» **Problem description**
Take the entries below and print only the lines from the one with "4.56cts. Oval Cut" through the one with "Right, Nice to", exactly as they stand, both ends included.

» **Records**

========================================================================

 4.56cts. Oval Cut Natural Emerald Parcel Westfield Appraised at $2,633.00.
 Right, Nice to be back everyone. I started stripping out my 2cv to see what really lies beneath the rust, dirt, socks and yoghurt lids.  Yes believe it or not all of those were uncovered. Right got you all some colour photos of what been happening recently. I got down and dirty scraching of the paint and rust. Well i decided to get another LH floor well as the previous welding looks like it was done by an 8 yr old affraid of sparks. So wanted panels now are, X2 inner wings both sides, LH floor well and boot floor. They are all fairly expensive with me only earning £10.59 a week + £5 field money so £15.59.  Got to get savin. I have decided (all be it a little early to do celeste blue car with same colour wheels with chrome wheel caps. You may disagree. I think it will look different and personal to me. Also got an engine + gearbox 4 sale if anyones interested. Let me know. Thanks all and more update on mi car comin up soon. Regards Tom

========================================================================

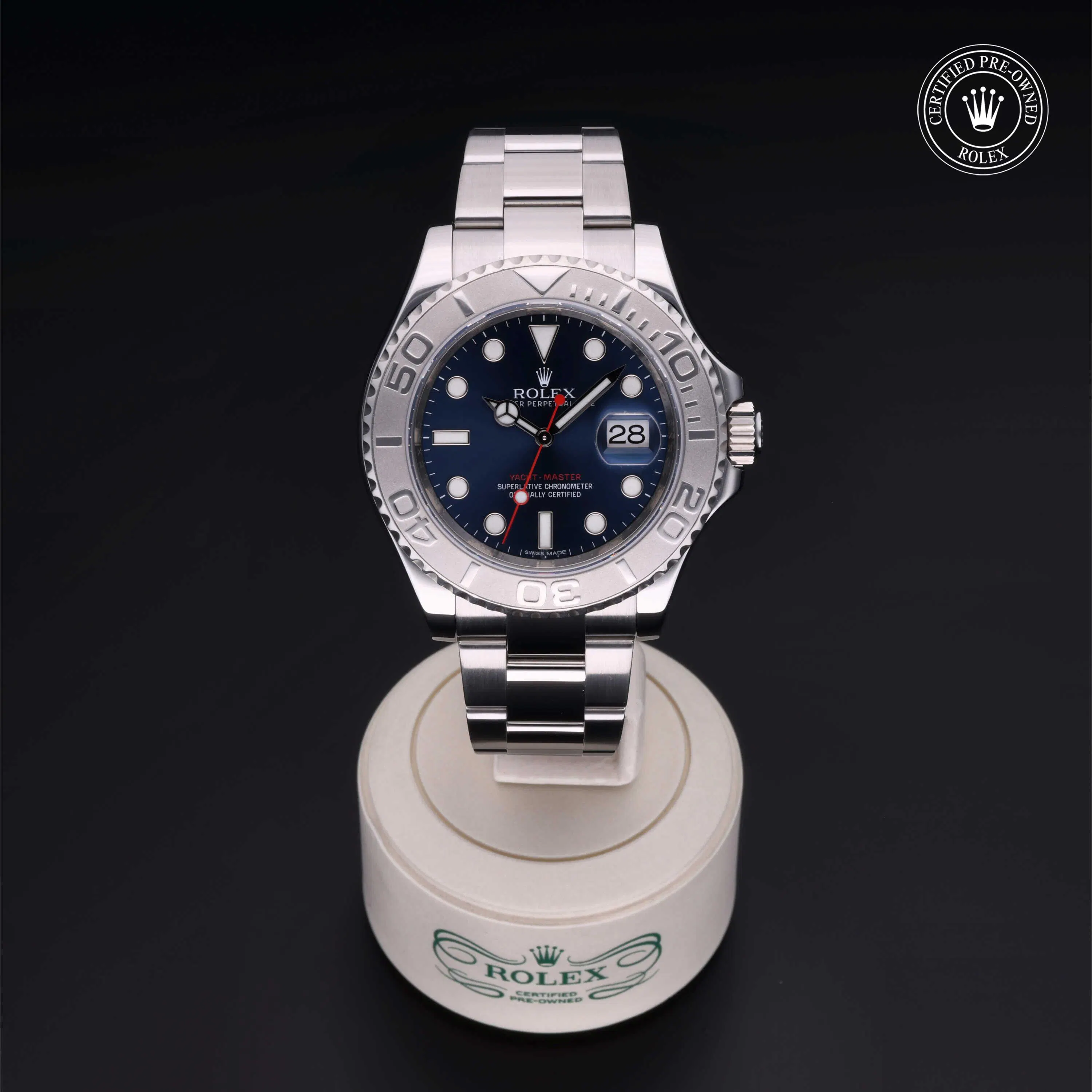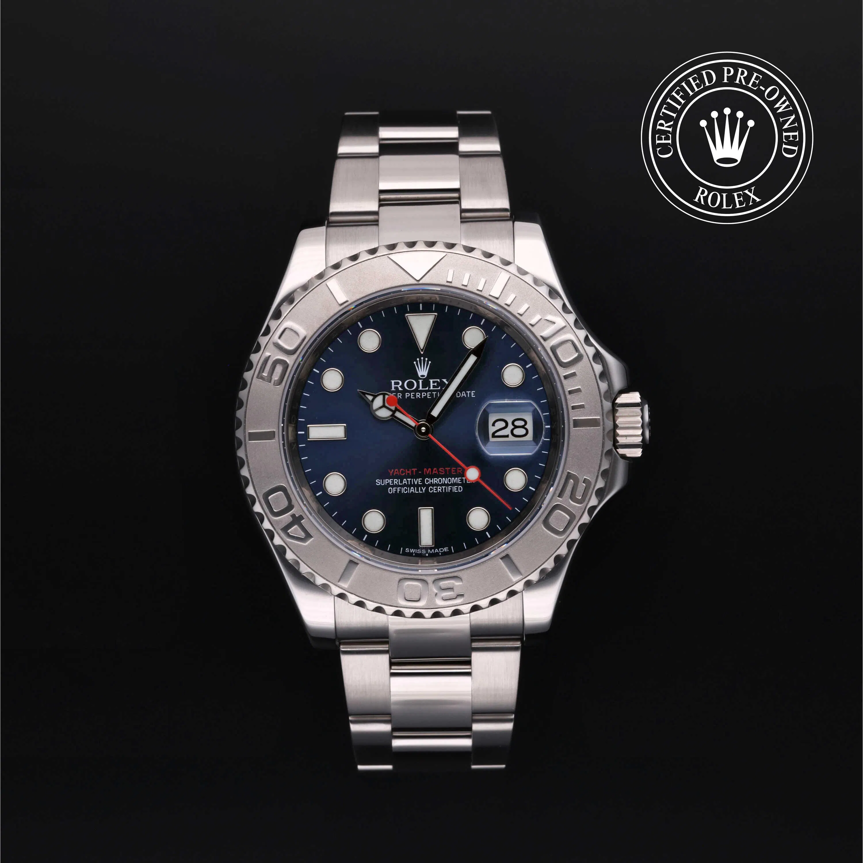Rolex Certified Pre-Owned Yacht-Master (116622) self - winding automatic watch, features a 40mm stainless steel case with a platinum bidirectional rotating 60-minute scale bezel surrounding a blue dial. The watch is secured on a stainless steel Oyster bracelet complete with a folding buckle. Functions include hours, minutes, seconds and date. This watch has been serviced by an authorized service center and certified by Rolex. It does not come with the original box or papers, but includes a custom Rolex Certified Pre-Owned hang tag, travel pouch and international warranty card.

========================================================================

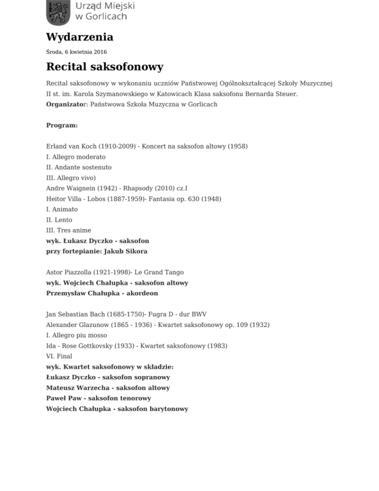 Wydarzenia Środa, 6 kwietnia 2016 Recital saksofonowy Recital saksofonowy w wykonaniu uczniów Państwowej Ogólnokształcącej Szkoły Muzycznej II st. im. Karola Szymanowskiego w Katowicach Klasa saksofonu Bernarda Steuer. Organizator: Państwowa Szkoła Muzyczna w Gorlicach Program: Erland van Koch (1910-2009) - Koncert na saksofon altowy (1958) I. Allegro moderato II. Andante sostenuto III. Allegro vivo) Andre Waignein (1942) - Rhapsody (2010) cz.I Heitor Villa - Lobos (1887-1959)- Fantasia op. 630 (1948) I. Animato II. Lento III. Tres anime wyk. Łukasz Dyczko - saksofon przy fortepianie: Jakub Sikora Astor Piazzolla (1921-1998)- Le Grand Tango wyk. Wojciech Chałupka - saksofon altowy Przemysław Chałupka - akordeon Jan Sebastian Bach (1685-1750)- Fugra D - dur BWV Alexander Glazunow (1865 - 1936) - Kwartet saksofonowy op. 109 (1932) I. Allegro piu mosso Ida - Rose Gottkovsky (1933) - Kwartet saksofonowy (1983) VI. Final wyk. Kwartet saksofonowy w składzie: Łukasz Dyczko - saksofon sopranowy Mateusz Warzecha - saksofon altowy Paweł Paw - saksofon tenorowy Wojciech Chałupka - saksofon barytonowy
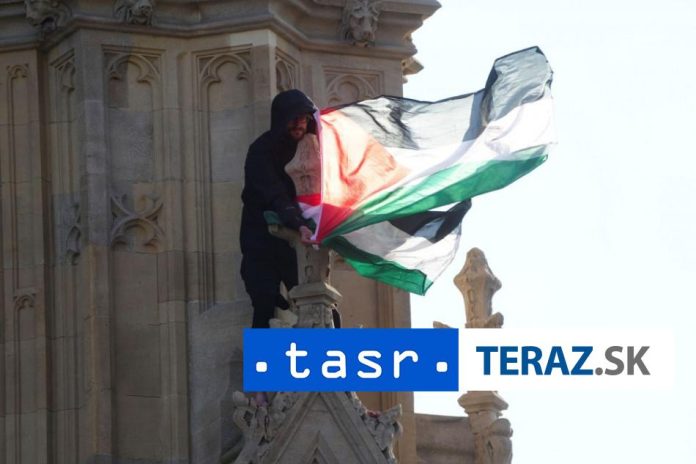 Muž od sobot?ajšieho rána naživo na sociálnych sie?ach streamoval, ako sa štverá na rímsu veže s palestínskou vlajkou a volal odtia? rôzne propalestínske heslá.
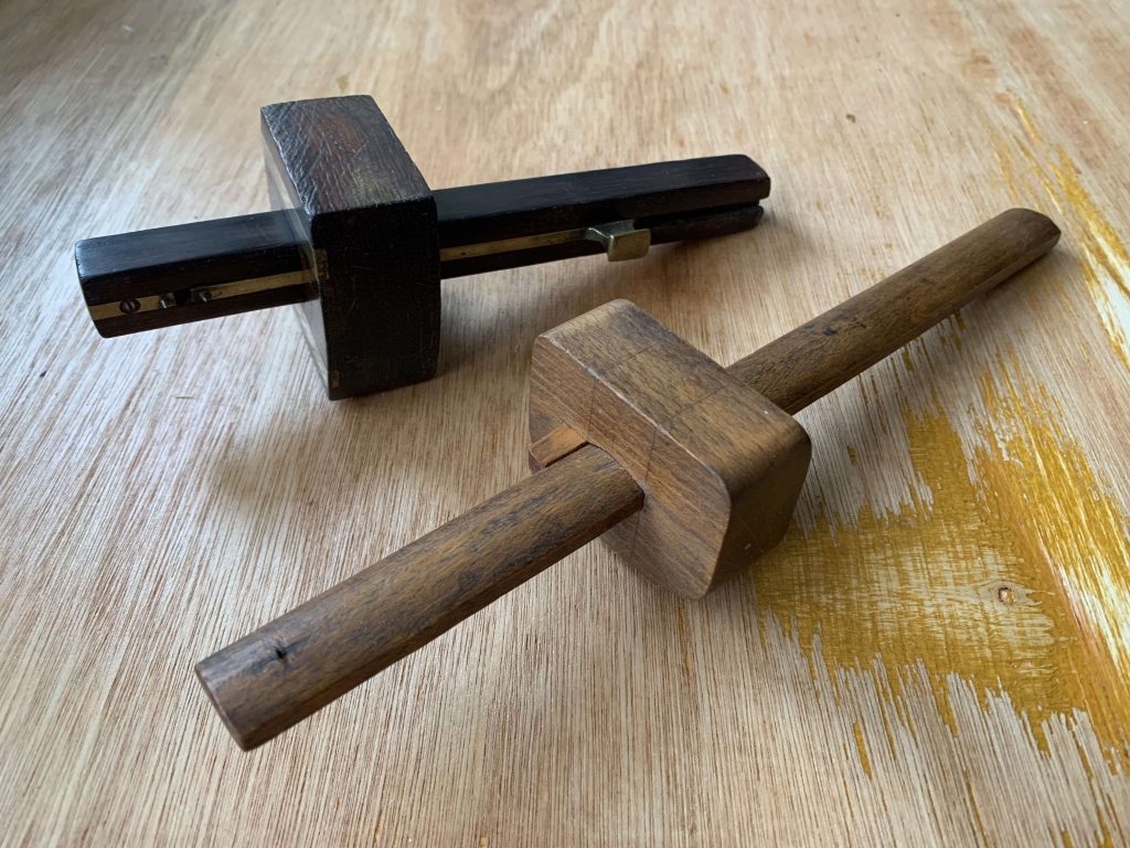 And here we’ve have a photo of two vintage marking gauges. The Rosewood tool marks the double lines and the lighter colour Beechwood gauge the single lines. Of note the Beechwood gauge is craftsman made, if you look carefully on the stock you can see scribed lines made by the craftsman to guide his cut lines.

========================================================================

» **Answer space**
 4.56cts. Oval Cut Natural Emerald Parcel Westfield Appraised at $2,633.00.
 Right, Nice to be back everyone. I started stripping out my 2cv to see what really lies beneath the rust, dirt, socks and yoghurt lids.  Yes believe it or not all of those were uncovered. Right got you all some colour photos of what been happening recently. I got down and dirty scraching of the paint and rust. Well i decided to get another LH floor well as the previous welding looks like it was done by an 8 yr old affraid of sparks. So wanted panels now are, X2 inner wings both sides, LH floor well and boot floor. They are all fairly expensive with me only earning £10.59 a week + £5 field money so £15.59.  Got to get savin. I have decided (all be it a little early to do celeste blue car with same colour wheels with chrome wheel caps. You may disagree. I think it will look different and personal to me. Also got an engine + gearbox 4 sale if anyones interested. Let me know. Thanks all and more update on mi car comin up soon. Regards Tom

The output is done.